Samantha Newman attended the Mawul Rom Project when she was an editor of the Indigenous Law Bulletin. She is now an International Humanitarian Law Officer with Australian Red Cross (NSW).


[1] Reverend Dr Djiniyini Gondarra OAM, June 2003.

[2] See for example, Christine Nolan, ‘Alternative Dispute Resolution in Aboriginal and Islander Communities: The Community Justice Program’s experience’ in D Chappell and S Egger, Australian Violence: Contemporary Perspectives (Australian Institute of Criminology, Canberra, 1995) 282-283.

[3] Scott Beattie, ‘Is Mediation a Real Alternative to Law? Pitfalls for Aboriginal Participants’ (1997) 8(1) Australian Dispute Resolution Journal 57.

[4] Morgan Brigg, ‘Mediation, Power, and Cultural Difference’ (2003) 20(3) Conflict Resolution Quarterly 287, 287.

[5] Madeleine Sauvé, ‘Mediation: Towards an Aboriginal Conceptualisation’ [1996] AboriginalLawB 17; (1996) 3(80) Aboriginal Law Bulletin 10, 10.

[6] Toni Bauman and Rhian Williams, ‘The Business of Process: Research Issues in Managing Indigenous Decision-Making and Disputes in Land’ (Paper No 13, Native Title Research Unit, Australian Institute of Aboriginal and Torres Strait Islander Studies, 2004) 10.

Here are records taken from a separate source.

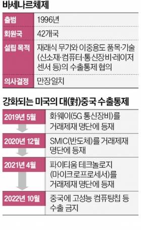 코콤은 냉전시대 서방이 공산권에 대한 전략물품 수출을 막기 위해 도입한 수출통제체제다. 이후 냉전시대가 막을 내리자 국제사회는 1996년 바세나르체제를 출범시켜 코콤을 대체했다. 문제는 바세나르체제에는 러시아를 비롯해 구공산권 국가들이 포함돼 미국의 대중국 수출통제 움직임에 비협조적 태도를 취하고 있는 점이다. 정부 관계자는 “미국이 작년부터 바세나르 회의에서 양자컴퓨팅 등 첨단기술에 대한 대중국 수출통제를 원했지만, 러시아가 반대해 무산됐다”며 “미국이 다자주의 접근을 다시 언급하고 있는 이유”라고 설명했다.
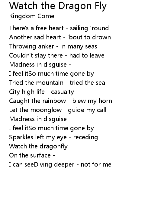 | Song | Watch the Dragon Fly |
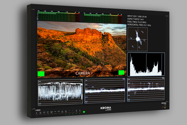 KROMA by AEQ Monitors includes a wide range of High Quality products covering any Broadcast application up to high performing 10 bits processing and UHD resolution supporting HDR with different curves. Monitor color calibration by connection to a color probe and Lightillusion control software version specifically designed for Kroma. Single, Dual or Triple Displays systems as well as Single View or Quad systems. Monitors offer a wide selection of video inputs and integrated tools for signal and quality control like WFM, vectorscope, VU-meters, IMD, etc.
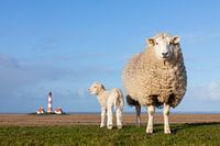 Damesschaap, Ovis orientalis aries, ooi met lam, Sleeswijk-Holstein, Duitsland
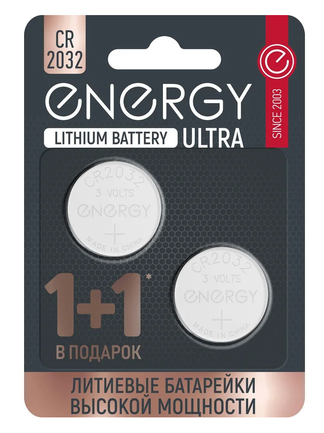 Батарейка литиевые ENERGY Ultra CR2032/2B 2шт в упаковке 104409

[7] Larissa Behrendt, Aboriginal Dispute Resolution: A Step Towards Self-determination and Community Autonomy (1995).

[8] Brigg above n 3, 301.

[9] Mäwul Rom Project, Report 2004 <www.mawul.com> at 25 October 2004.

[10] Rev Dr Djiniyini Gondarra OAM,The Mawul Ceremony (2004) Mawul Rom Project <http://wukindi.com/Background%20Information.htm> at 25 October 2004.

[11] Bauman and Williams above n 6, 1.